§ TASK BRIEF: Below is a listing; restate from it, character for character, the lines beginning at the line holding "8月8日,代表团一行抵达德国汉堡,在汉堡CKG 集团总经理Niebuhr Normen先生的陪同下,深入了解CKG" and ending at the line holding "Reconstructed top in", both included.

§ DATA FOR ANALYSIS:

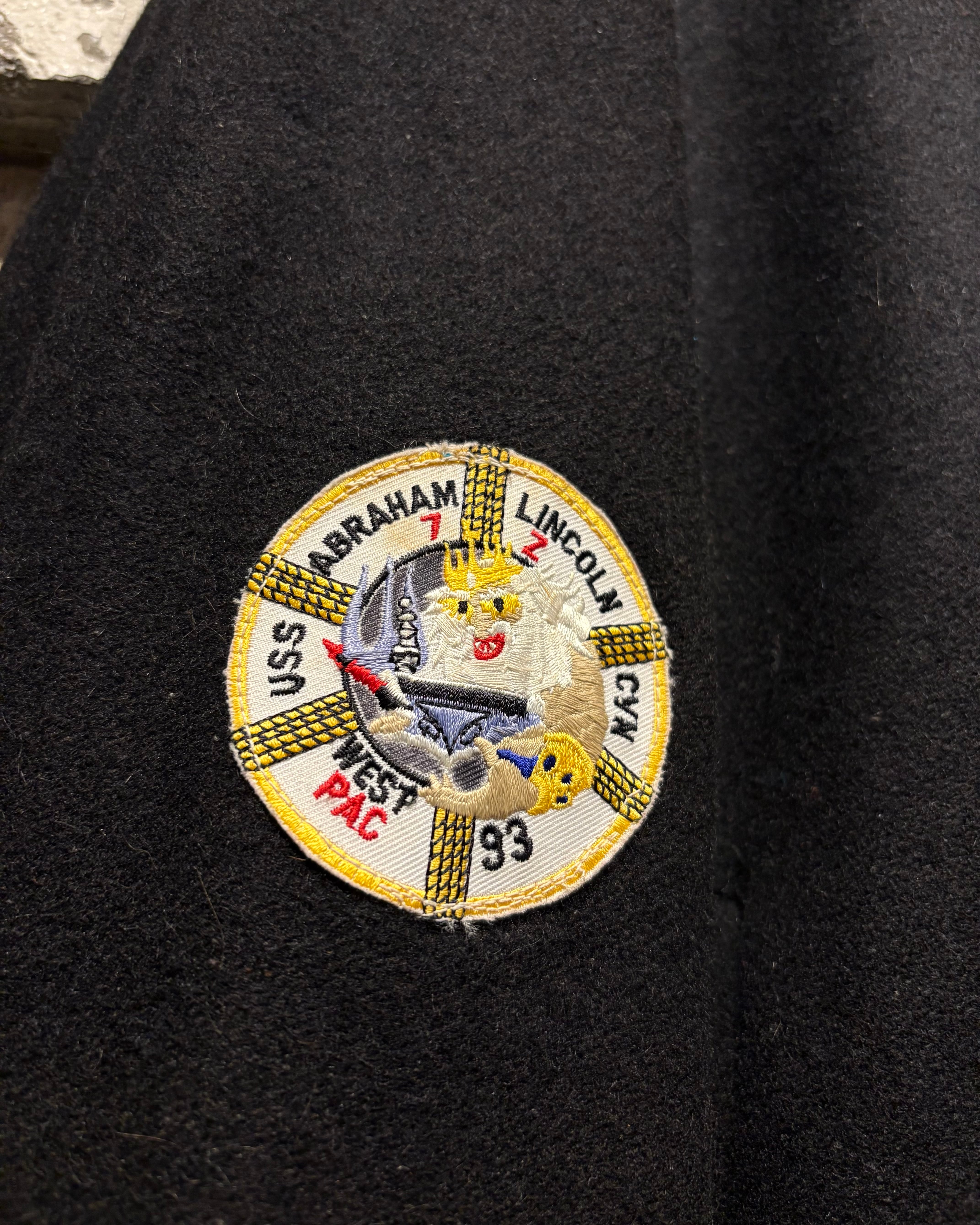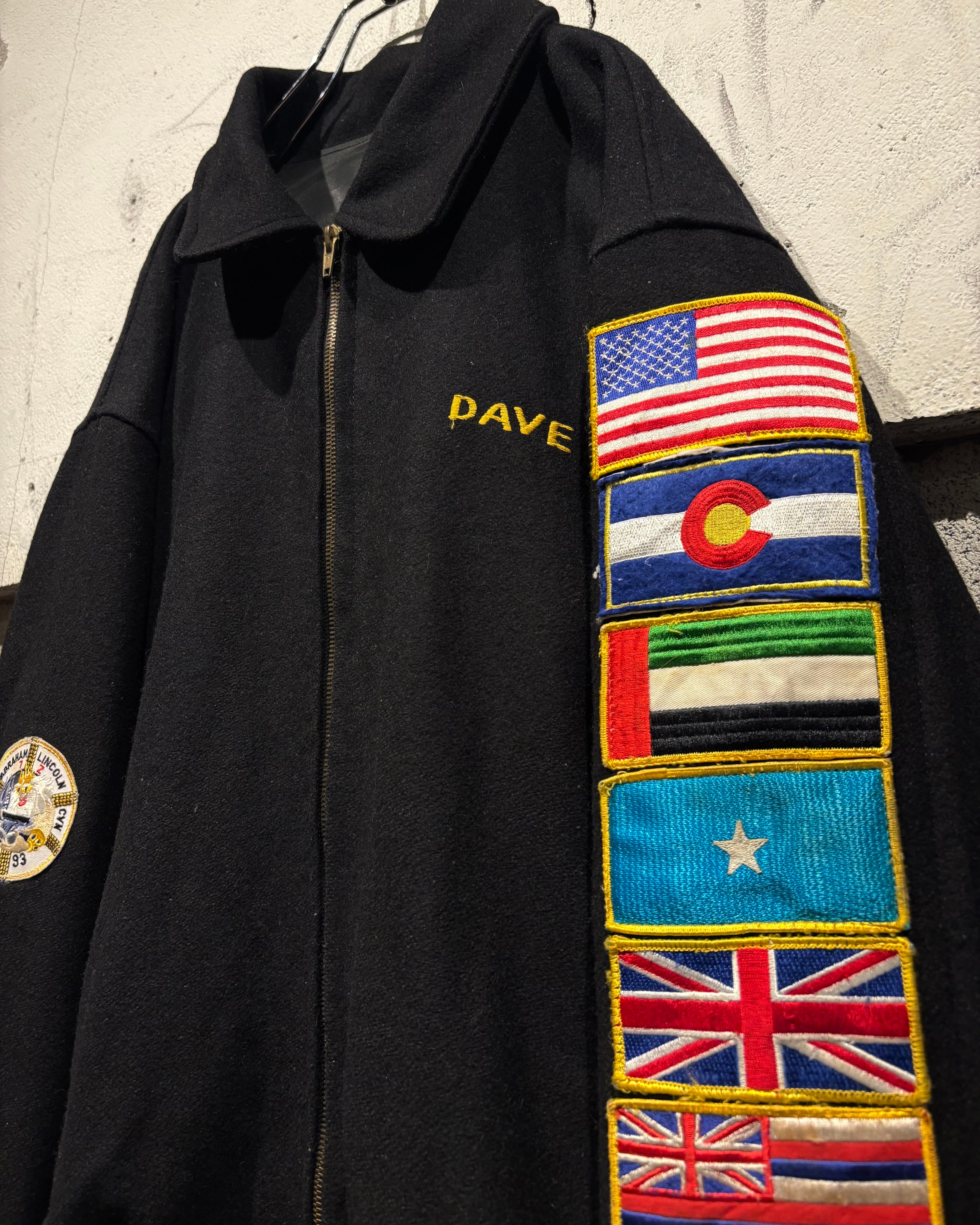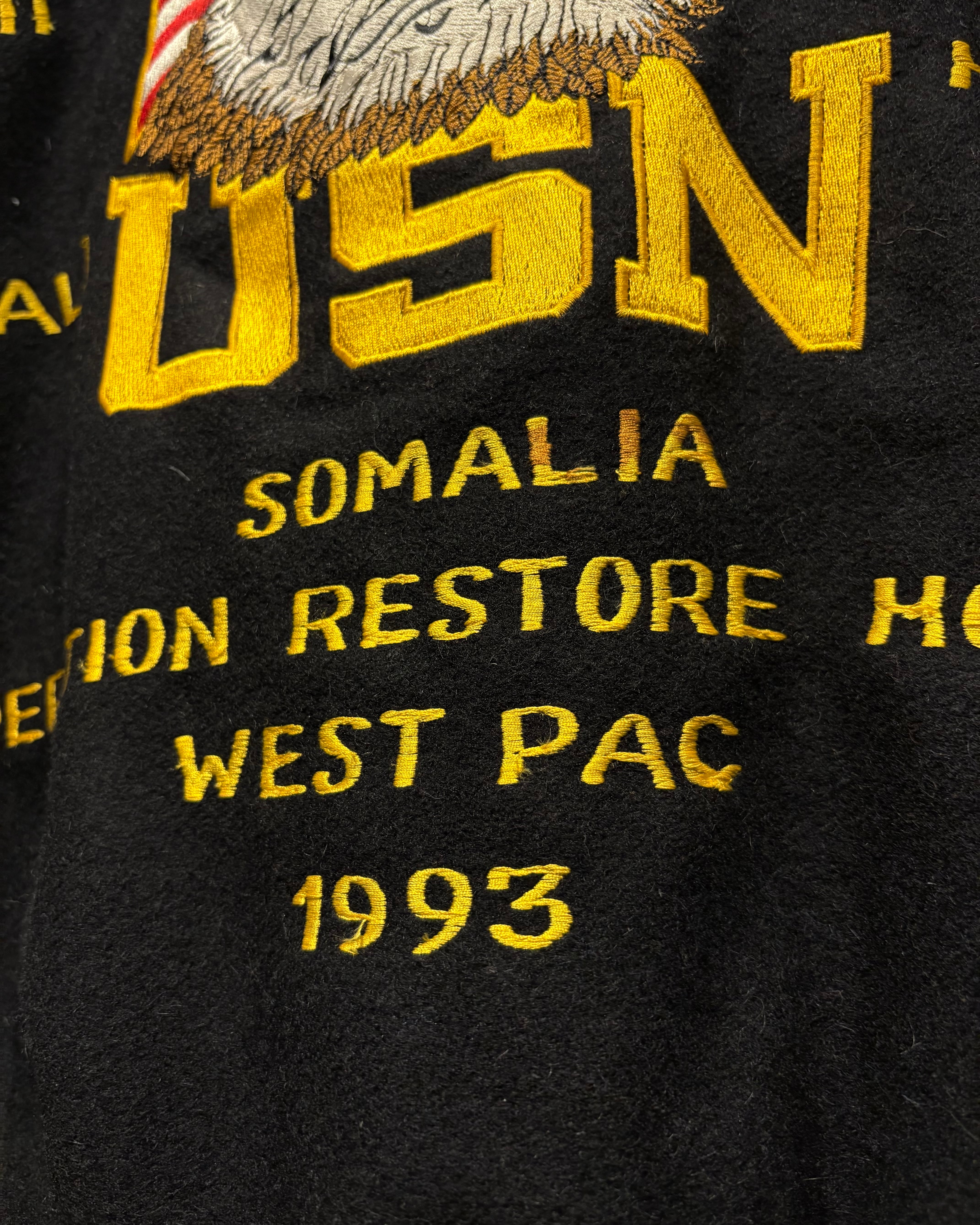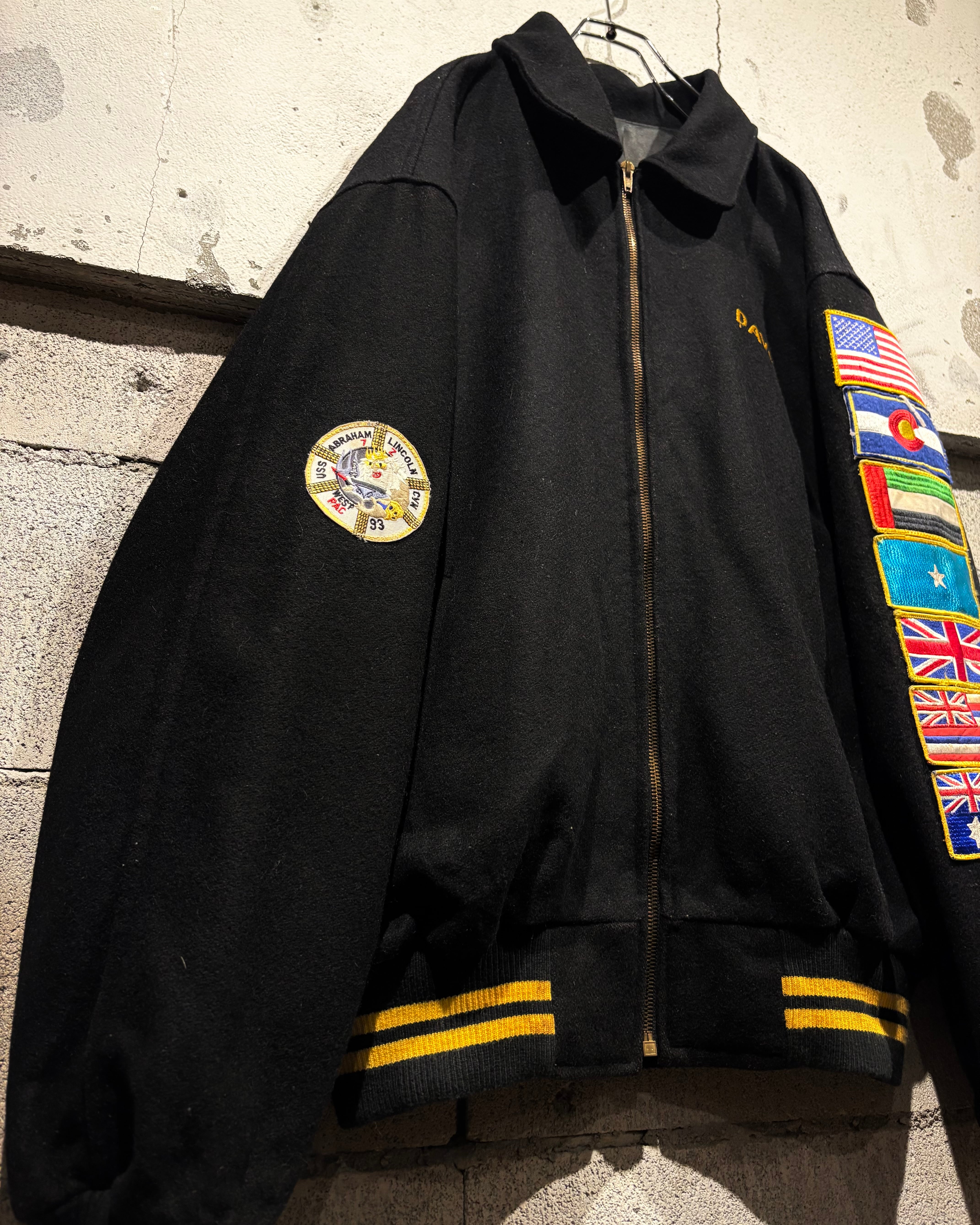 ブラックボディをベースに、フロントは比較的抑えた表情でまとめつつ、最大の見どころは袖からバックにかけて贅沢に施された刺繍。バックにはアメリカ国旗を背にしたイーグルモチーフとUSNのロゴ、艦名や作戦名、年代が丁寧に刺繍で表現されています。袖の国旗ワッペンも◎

---

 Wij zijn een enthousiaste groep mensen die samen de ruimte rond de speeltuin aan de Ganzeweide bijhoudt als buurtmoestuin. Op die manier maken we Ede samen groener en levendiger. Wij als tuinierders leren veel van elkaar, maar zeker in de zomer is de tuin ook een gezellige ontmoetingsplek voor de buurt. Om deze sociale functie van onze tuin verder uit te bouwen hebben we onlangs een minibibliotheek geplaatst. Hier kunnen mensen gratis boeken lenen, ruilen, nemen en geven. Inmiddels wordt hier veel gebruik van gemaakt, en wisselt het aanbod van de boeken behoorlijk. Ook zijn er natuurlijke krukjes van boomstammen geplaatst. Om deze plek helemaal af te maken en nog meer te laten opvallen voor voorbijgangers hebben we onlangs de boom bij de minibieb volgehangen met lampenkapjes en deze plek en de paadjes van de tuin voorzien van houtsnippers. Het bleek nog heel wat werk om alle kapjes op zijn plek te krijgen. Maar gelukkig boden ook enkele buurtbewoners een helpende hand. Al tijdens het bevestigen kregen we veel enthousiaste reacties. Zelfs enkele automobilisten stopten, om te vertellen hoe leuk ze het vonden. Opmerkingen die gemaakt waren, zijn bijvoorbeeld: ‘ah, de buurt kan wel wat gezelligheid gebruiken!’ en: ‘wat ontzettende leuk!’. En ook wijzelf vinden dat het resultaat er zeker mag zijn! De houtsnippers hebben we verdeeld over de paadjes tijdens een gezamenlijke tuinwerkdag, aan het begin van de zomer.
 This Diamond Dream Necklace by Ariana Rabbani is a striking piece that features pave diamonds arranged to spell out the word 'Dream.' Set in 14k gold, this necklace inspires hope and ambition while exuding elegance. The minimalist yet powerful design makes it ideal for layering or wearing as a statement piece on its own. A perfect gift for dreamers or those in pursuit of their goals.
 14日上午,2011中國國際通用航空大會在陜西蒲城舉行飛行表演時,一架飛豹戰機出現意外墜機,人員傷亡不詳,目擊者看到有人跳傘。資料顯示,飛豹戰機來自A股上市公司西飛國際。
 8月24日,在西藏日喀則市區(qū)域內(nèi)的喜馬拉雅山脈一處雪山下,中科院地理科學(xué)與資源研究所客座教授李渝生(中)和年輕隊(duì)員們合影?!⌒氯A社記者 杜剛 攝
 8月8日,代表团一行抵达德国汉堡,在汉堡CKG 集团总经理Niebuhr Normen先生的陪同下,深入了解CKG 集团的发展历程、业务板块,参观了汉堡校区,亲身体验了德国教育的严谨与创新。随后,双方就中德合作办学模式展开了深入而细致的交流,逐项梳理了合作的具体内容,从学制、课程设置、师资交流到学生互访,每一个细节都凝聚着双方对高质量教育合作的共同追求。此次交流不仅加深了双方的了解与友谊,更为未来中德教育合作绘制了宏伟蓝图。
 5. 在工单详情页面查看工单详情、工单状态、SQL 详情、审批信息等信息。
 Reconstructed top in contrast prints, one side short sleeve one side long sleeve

§ OUTPUT BELOW:
 8月8日,代表团一行抵达德国汉堡,在汉堡CKG 集团总经理Niebuhr Normen先生的陪同下,深入了解CKG 集团的发展历程、业务板块,参观了汉堡校区,亲身体验了德国教育的严谨与创新。随后,双方就中德合作办学模式展开了深入而细致的交流,逐项梳理了合作的具体内容,从学制、课程设置、师资交流到学生互访,每一个细节都凝聚着双方对高质量教育合作的共同追求。此次交流不仅加深了双方的了解与友谊,更为未来中德教育合作绘制了宏伟蓝图。
 5. 在工单详情页面查看工单详情、工单状态、SQL 详情、审批信息等信息。
 Reconstructed top in contrast prints, one side short sleeve one side long sleeve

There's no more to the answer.